**DATASET**
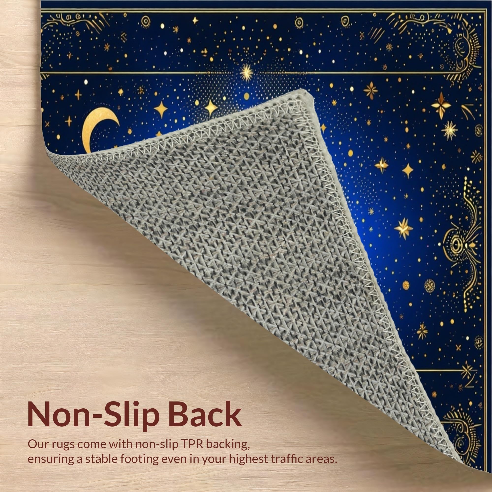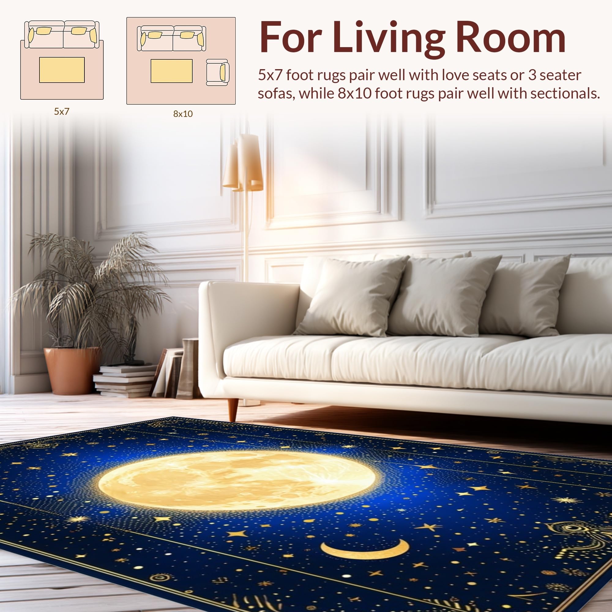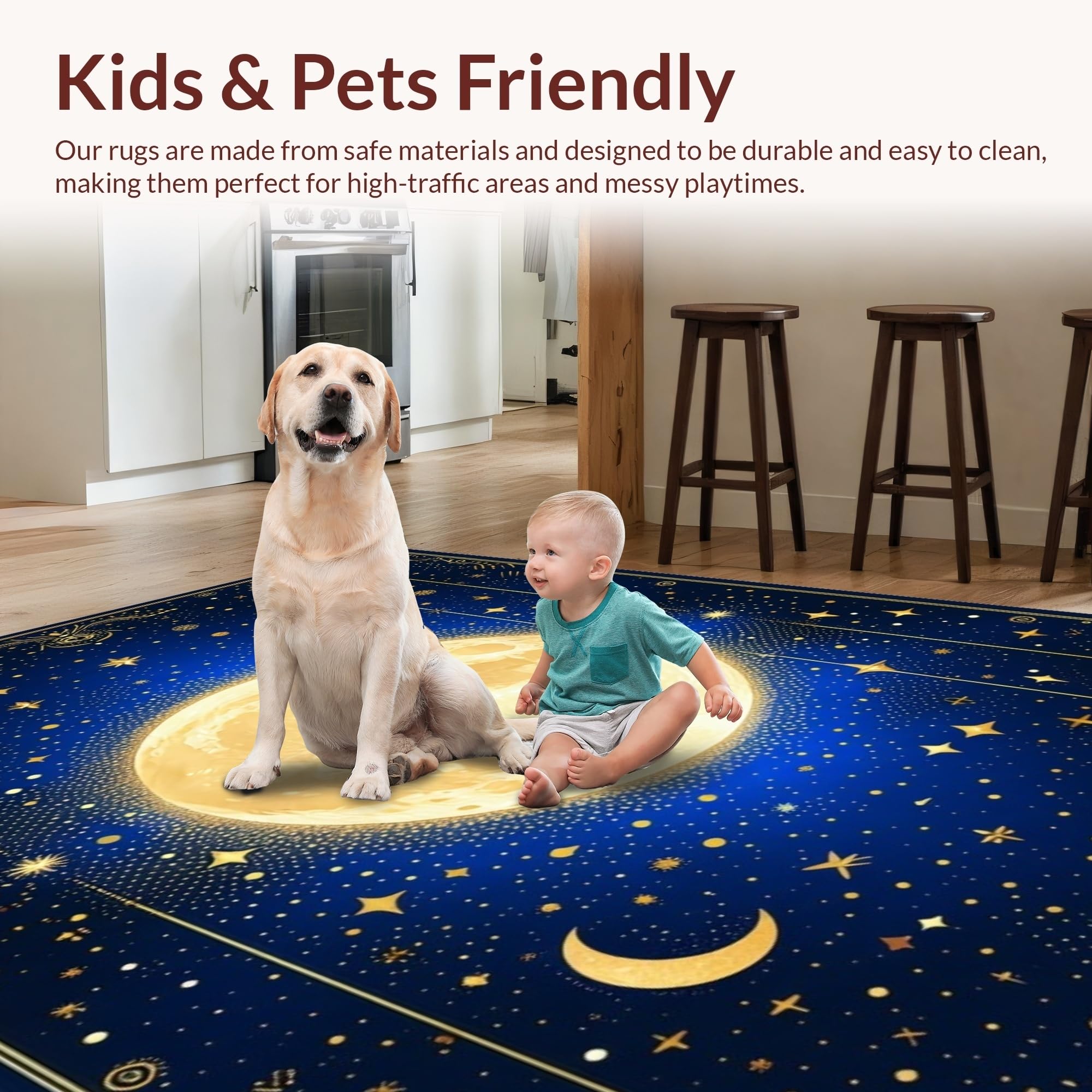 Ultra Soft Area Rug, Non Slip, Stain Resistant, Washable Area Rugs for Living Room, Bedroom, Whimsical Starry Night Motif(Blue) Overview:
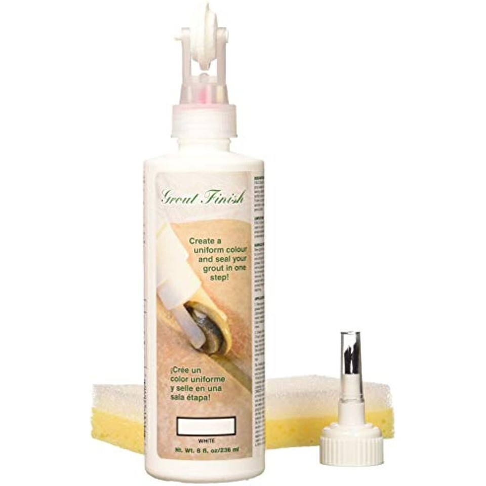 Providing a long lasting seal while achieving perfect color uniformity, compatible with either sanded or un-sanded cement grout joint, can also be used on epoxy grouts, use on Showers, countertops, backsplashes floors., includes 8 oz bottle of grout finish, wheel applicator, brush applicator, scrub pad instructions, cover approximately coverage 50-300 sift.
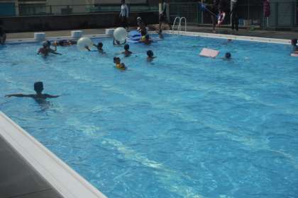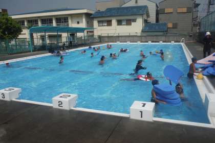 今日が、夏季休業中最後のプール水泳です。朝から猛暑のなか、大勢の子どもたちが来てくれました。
...
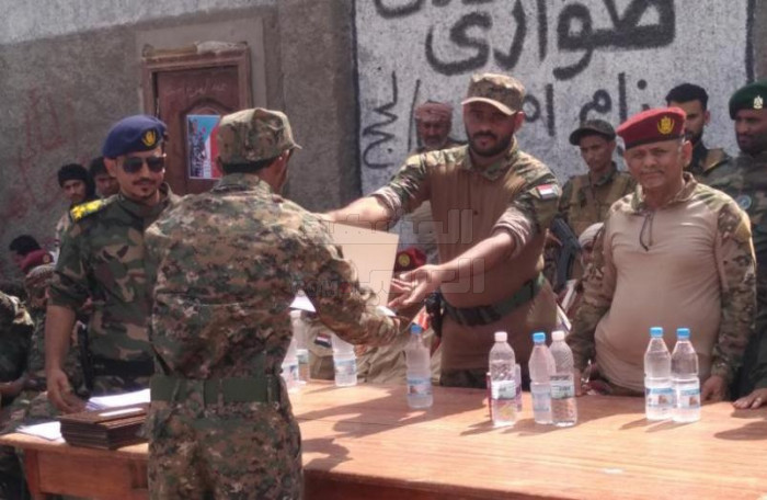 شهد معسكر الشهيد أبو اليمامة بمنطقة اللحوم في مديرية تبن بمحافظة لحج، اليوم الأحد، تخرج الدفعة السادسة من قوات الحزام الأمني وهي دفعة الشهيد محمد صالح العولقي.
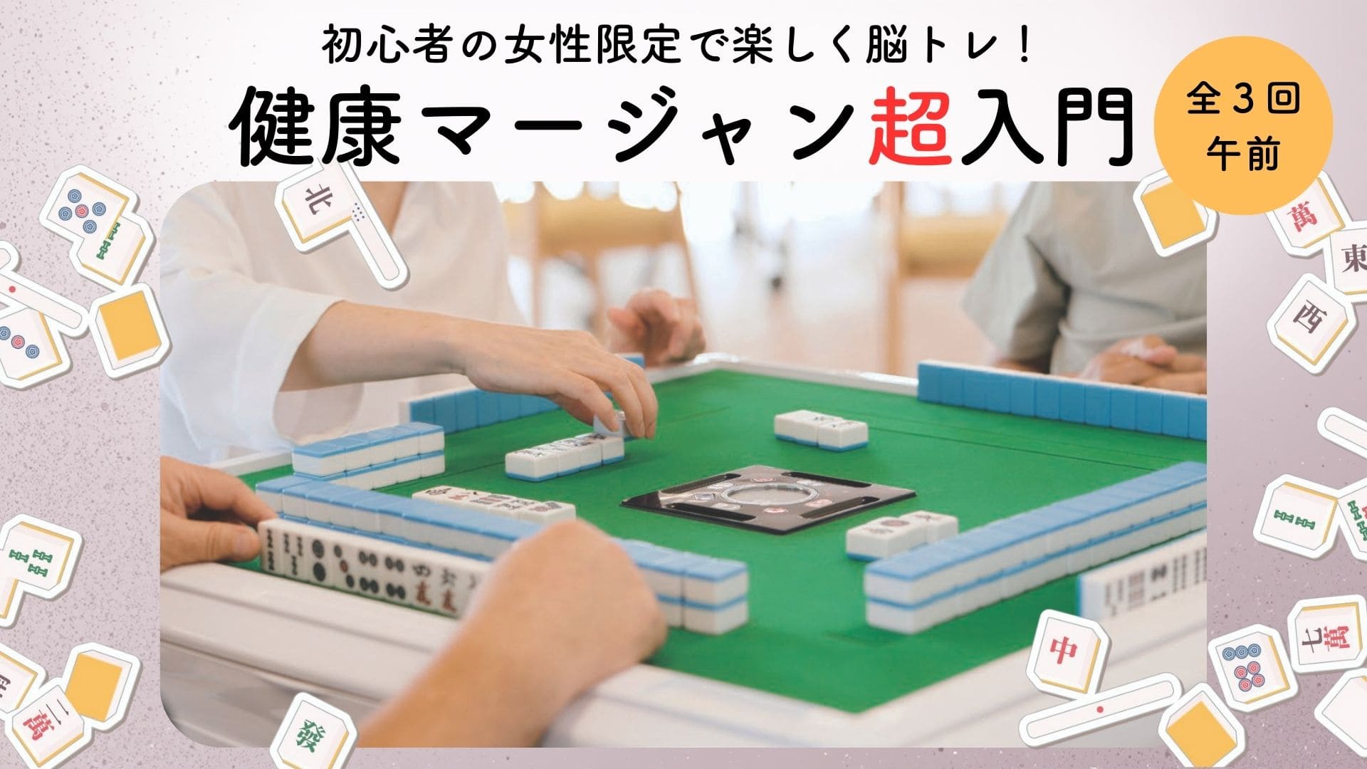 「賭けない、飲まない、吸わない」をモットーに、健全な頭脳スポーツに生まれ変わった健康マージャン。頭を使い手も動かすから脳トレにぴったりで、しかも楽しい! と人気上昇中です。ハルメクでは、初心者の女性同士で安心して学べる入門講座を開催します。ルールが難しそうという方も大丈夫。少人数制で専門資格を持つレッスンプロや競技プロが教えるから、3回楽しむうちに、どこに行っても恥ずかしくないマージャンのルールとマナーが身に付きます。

**GOAL OF THE EXERCISE**
Taking the entries above, extract every line from the one bearing "Providing a long" through the one bearing "今日が、夏季休業中最後のプー", exactly, with no pictures.

**REPLY**
 Providing a long lasting seal while achieving perfect color uniformity, compatible with either sanded or un-sanded cement grout joint, can also be used on epoxy grouts, use on Showers, countertops, backsplashes floors., includes 8 oz bottle of grout finish, wheel applicator, brush applicator, scrub pad instructions, cover approximately coverage 50-300 sift.
 今日が、夏季休業中最後のプール水泳です。朝から猛暑のなか、大勢の子どもたちが来てくれました。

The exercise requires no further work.